[[ Information provided open ]]

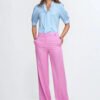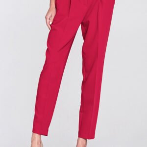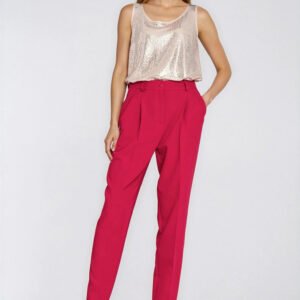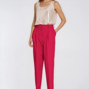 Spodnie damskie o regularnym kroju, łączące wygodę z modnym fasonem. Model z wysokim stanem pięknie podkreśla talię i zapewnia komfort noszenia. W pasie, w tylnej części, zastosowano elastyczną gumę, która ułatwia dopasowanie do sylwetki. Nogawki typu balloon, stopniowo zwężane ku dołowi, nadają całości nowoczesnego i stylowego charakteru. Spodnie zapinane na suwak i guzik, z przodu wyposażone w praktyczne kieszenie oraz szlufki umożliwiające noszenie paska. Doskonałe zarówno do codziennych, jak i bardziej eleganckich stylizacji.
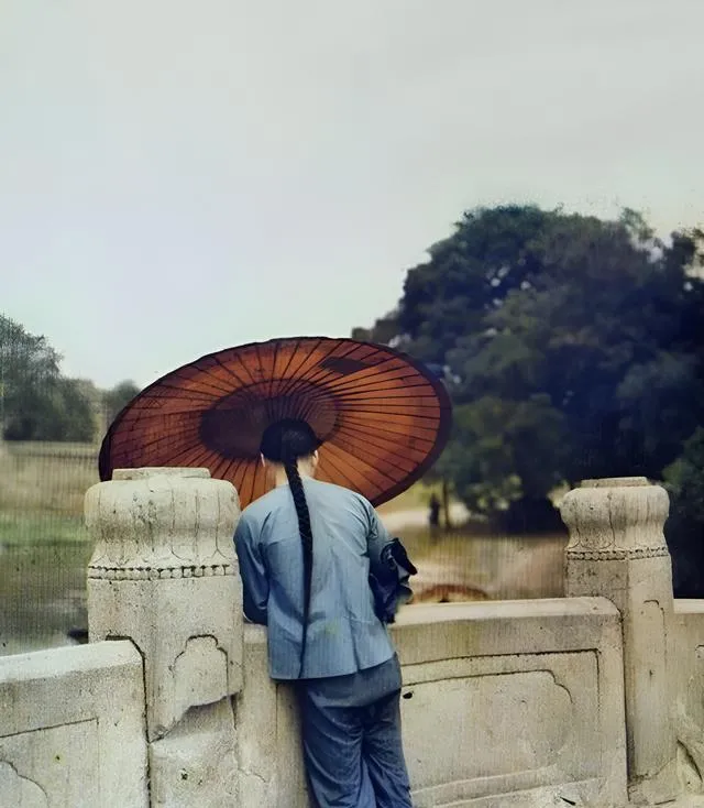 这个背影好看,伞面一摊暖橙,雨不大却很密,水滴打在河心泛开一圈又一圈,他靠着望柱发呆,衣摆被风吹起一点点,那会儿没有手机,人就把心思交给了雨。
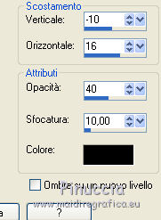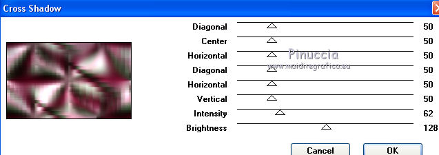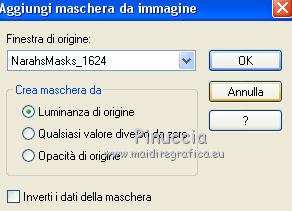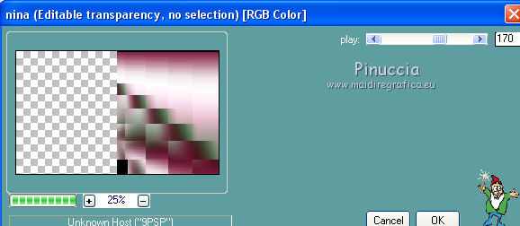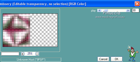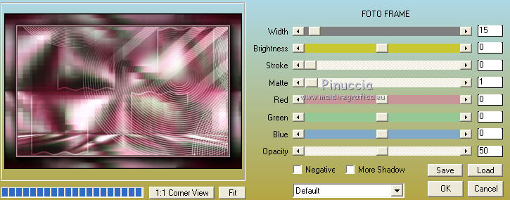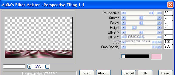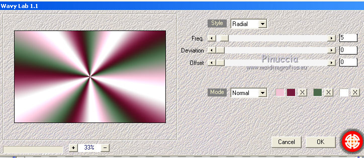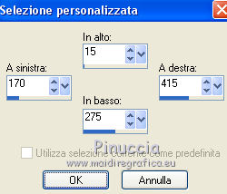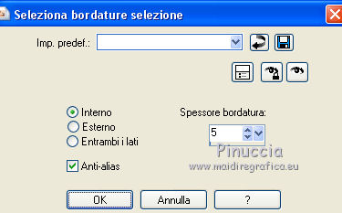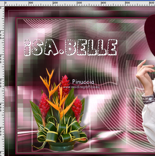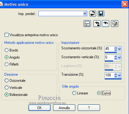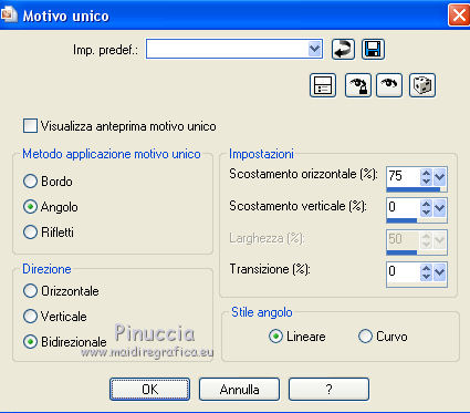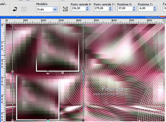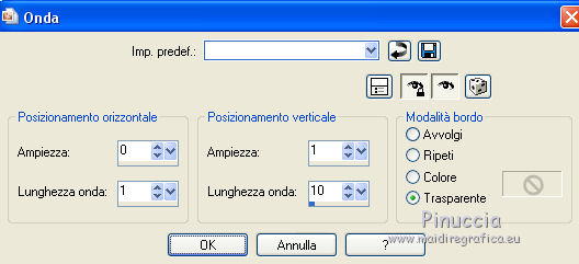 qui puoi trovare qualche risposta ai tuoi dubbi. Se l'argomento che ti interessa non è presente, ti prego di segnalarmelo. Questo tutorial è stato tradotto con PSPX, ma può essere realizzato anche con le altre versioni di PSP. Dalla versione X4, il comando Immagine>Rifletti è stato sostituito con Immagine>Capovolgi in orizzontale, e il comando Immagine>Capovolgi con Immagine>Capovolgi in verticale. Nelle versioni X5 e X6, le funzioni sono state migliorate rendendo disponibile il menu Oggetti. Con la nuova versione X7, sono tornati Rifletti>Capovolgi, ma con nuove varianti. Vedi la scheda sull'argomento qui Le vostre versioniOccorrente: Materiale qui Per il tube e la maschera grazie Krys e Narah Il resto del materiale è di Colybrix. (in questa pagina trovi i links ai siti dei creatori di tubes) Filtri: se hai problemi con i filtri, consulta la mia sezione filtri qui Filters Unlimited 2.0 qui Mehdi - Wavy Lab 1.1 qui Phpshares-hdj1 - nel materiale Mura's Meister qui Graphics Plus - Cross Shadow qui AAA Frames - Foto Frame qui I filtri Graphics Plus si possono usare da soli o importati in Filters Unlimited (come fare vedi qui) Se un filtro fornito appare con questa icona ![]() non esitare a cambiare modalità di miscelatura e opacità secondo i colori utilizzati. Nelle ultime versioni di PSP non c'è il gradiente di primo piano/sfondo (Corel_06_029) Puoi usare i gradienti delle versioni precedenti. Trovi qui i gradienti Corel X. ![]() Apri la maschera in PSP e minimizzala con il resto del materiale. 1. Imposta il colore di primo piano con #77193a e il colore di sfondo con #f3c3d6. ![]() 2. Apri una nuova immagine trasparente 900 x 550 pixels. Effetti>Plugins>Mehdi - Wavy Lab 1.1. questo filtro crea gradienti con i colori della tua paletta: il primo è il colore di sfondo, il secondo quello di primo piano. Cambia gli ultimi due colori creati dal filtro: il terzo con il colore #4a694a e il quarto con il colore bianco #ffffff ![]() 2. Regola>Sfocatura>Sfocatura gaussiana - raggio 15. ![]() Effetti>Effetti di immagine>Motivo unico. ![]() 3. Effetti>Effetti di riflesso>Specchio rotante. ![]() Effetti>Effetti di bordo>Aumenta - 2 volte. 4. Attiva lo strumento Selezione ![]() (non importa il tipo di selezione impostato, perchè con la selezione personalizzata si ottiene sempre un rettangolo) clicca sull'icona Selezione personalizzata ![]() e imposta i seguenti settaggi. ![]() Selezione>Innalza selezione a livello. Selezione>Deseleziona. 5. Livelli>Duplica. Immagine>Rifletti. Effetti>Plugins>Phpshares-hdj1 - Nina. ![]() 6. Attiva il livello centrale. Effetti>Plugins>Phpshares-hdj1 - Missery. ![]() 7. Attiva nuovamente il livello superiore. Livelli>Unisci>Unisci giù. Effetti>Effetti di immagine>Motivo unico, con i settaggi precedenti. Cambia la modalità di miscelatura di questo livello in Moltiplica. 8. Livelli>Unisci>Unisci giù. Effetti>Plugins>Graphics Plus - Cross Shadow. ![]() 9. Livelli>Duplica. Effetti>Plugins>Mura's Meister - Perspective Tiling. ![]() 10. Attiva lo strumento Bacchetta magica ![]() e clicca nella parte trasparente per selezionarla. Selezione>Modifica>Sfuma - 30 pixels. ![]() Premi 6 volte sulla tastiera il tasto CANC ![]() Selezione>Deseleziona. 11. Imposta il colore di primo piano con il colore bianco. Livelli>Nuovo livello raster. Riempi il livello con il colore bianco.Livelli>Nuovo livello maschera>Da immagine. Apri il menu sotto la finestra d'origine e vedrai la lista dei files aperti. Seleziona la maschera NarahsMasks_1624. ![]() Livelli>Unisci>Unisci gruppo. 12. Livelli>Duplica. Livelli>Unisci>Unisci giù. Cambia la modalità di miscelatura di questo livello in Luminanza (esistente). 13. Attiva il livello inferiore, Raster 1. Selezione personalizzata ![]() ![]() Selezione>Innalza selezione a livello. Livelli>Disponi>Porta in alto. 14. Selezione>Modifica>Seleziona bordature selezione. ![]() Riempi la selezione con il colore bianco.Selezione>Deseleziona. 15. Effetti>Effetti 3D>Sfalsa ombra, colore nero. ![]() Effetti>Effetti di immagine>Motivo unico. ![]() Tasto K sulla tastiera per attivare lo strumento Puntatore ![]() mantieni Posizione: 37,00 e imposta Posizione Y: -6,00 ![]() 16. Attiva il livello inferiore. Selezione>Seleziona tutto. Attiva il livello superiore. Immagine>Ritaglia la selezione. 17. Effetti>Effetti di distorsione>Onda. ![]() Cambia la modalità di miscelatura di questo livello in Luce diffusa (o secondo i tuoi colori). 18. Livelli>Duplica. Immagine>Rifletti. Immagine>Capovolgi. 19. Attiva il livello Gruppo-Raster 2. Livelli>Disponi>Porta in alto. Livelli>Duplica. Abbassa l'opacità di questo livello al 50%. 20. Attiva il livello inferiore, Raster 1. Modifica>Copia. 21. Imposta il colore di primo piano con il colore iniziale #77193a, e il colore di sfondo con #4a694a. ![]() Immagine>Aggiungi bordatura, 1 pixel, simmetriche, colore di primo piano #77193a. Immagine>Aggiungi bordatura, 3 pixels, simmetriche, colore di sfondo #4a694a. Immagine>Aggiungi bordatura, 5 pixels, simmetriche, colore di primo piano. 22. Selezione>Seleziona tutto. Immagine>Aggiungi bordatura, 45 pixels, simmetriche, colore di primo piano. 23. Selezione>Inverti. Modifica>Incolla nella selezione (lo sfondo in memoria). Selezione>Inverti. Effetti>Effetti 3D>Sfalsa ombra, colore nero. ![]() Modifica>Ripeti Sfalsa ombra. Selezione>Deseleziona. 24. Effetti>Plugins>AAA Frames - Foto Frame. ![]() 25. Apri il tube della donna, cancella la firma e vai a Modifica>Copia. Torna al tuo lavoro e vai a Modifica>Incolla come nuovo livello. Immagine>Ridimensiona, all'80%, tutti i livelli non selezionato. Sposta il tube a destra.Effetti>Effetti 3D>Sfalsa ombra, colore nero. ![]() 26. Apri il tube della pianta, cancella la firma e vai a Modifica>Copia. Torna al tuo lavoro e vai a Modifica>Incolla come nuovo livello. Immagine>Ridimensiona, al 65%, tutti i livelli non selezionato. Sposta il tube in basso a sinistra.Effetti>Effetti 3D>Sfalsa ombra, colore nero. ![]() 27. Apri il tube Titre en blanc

[[ Information provided closed ]]

Action item »
Output each of the lines above exactly, apart from the images.

Answer for the task »
 Spodnie damskie o regularnym kroju, łączące wygodę z modnym fasonem. Model z wysokim stanem pięknie podkreśla talię i zapewnia komfort noszenia. W pasie, w tylnej części, zastosowano elastyczną gumę, która ułatwia dopasowanie do sylwetki. Nogawki typu balloon, stopniowo zwężane ku dołowi, nadają całości nowoczesnego i stylowego charakteru. Spodnie zapinane na suwak i guzik, z przodu wyposażone w praktyczne kieszenie oraz szlufki umożliwiające noszenie paska. Doskonałe zarówno do codziennych, jak i bardziej eleganckich stylizacji.
 这个背影好看,伞面一摊暖橙,雨不大却很密,水滴打在河心泛开一圈又一圈,他靠着望柱发呆,衣摆被风吹起一点点,那会儿没有手机,人就把心思交给了雨。
 qui puoi trovare qualche risposta ai tuoi dubbi. Se l'argomento che ti interessa non è presente, ti prego di segnalarmelo. Questo tutorial è stato tradotto con PSPX, ma può essere realizzato anche con le altre versioni di PSP. Dalla versione X4, il comando Immagine>Rifletti è stato sostituito con Immagine>Capovolgi in orizzontale, e il comando Immagine>Capovolgi con Immagine>Capovolgi in verticale. Nelle versioni X5 e X6, le funzioni sono state migliorate rendendo disponibile il menu Oggetti. Con la nuova versione X7, sono tornati Rifletti>Capovolgi, ma con nuove varianti. Vedi la scheda sull'argomento qui Le vostre versioniOccorrente: Materiale qui Per il tube e la maschera grazie Krys e Narah Il resto del materiale è di Colybrix. (in questa pagina trovi i links ai siti dei creatori di tubes) Filtri: se hai problemi con i filtri, consulta la mia sezione filtri qui Filters Unlimited 2.0 qui Mehdi - Wavy Lab 1.1 qui Phpshares-hdj1 - nel materiale Mura's Meister qui Graphics Plus - Cross Shadow qui AAA Frames - Foto Frame qui I filtri Graphics Plus si possono usare da soli o importati in Filters Unlimited (come fare vedi qui) Se un filtro fornito appare con questa icona ![]() non esitare a cambiare modalità di miscelatura e opacità secondo i colori utilizzati. Nelle ultime versioni di PSP non c'è il gradiente di primo piano/sfondo (Corel_06_029) Puoi usare i gradienti delle versioni precedenti. Trovi qui i gradienti Corel X. ![]() Apri la maschera in PSP e minimizzala con il resto del materiale. 1. Imposta il colore di primo piano con #77193a e il colore di sfondo con #f3c3d6. ![]() 2. Apri una nuova immagine trasparente 900 x 550 pixels. Effetti>Plugins>Mehdi - Wavy Lab 1.1. questo filtro crea gradienti con i colori della tua paletta: il primo è il colore di sfondo, il secondo quello di primo piano. Cambia gli ultimi due colori creati dal filtro: il terzo con il colore #4a694a e il quarto con il colore bianco #ffffff ![]() 2. Regola>Sfocatura>Sfocatura gaussiana - raggio 15. ![]() Effetti>Effetti di immagine>Motivo unico. ![]() 3. Effetti>Effetti di riflesso>Specchio rotante. ![]() Effetti>Effetti di bordo>Aumenta - 2 volte. 4. Attiva lo strumento Selezione ![]() (non importa il tipo di selezione impostato, perchè con la selezione personalizzata si ottiene sempre un rettangolo) clicca sull'icona Selezione personalizzata ![]() e imposta i seguenti settaggi. ![]() Selezione>Innalza selezione a livello. Selezione>Deseleziona. 5. Livelli>Duplica. Immagine>Rifletti. Effetti>Plugins>Phpshares-hdj1 - Nina. ![]() 6. Attiva il livello centrale. Effetti>Plugins>Phpshares-hdj1 - Missery. ![]() 7. Attiva nuovamente il livello superiore. Livelli>Unisci>Unisci giù. Effetti>Effetti di immagine>Motivo unico, con i settaggi precedenti. Cambia la modalità di miscelatura di questo livello in Moltiplica. 8. Livelli>Unisci>Unisci giù. Effetti>Plugins>Graphics Plus - Cross Shadow. ![]() 9. Livelli>Duplica. Effetti>Plugins>Mura's Meister - Perspective Tiling. ![]() 10. Attiva lo strumento Bacchetta magica ![]() e clicca nella parte trasparente per selezionarla. Selezione>Modifica>Sfuma - 30 pixels. ![]() Premi 6 volte sulla tastiera il tasto CANC ![]() Selezione>Deseleziona. 11. Imposta il colore di primo piano con il colore bianco. Livelli>Nuovo livello raster. Riempi il livello con il colore bianco.Livelli>Nuovo livello maschera>Da immagine. Apri il menu sotto la finestra d'origine e vedrai la lista dei files aperti. Seleziona la maschera NarahsMasks_1624. ![]() Livelli>Unisci>Unisci gruppo. 12. Livelli>Duplica. Livelli>Unisci>Unisci giù. Cambia la modalità di miscelatura di questo livello in Luminanza (esistente). 13. Attiva il livello inferiore, Raster 1. Selezione personalizzata ![]() ![]() Selezione>Innalza selezione a livello. Livelli>Disponi>Porta in alto. 14. Selezione>Modifica>Seleziona bordature selezione. ![]() Riempi la selezione con il colore bianco.Selezione>Deseleziona. 15. Effetti>Effetti 3D>Sfalsa ombra, colore nero. ![]() Effetti>Effetti di immagine>Motivo unico. ![]() Tasto K sulla tastiera per attivare lo strumento Puntatore ![]() mantieni Posizione: 37,00 e imposta Posizione Y: -6,00 ![]() 16. Attiva il livello inferiore. Selezione>Seleziona tutto. Attiva il livello superiore. Immagine>Ritaglia la selezione. 17. Effetti>Effetti di distorsione>Onda. ![]() Cambia la modalità di miscelatura di questo livello in Luce diffusa (o secondo i tuoi colori). 18. Livelli>Duplica. Immagine>Rifletti. Immagine>Capovolgi. 19. Attiva il livello Gruppo-Raster 2. Livelli>Disponi>Porta in alto. Livelli>Duplica. Abbassa l'opacità di questo livello al 50%. 20. Attiva il livello inferiore, Raster 1. Modifica>Copia. 21. Imposta il colore di primo piano con il colore iniziale #77193a, e il colore di sfondo con #4a694a. ![]() Immagine>Aggiungi bordatura, 1 pixel, simmetriche, colore di primo piano #77193a. Immagine>Aggiungi bordatura, 3 pixels, simmetriche, colore di sfondo #4a694a. Immagine>Aggiungi bordatura, 5 pixels, simmetriche, colore di primo piano. 22. Selezione>Seleziona tutto. Immagine>Aggiungi bordatura, 45 pixels, simmetriche, colore di primo piano. 23. Selezione>Inverti. Modifica>Incolla nella selezione (lo sfondo in memoria). Selezione>Inverti. Effetti>Effetti 3D>Sfalsa ombra, colore nero. ![]() Modifica>Ripeti Sfalsa ombra. Selezione>Deseleziona. 24. Effetti>Plugins>AAA Frames - Foto Frame. ![]() 25. Apri il tube della donna, cancella la firma e vai a Modifica>Copia. Torna al tuo lavoro e vai a Modifica>Incolla come nuovo livello. Immagine>Ridimensiona, all'80%, tutti i livelli non selezionato. Sposta il tube a destra.Effetti>Effetti 3D>Sfalsa ombra, colore nero. ![]() 26. Apri il tube della pianta, cancella la firma e vai a Modifica>Copia. Torna al tuo lavoro e vai a Modifica>Incolla come nuovo livello. Immagine>Ridimensiona, al 65%, tutti i livelli non selezionato. Sposta il tube in basso a sinistra.Effetti>Effetti 3D>Sfalsa ombra, colore nero. ![]() 27. Apri il tube Titre en blanc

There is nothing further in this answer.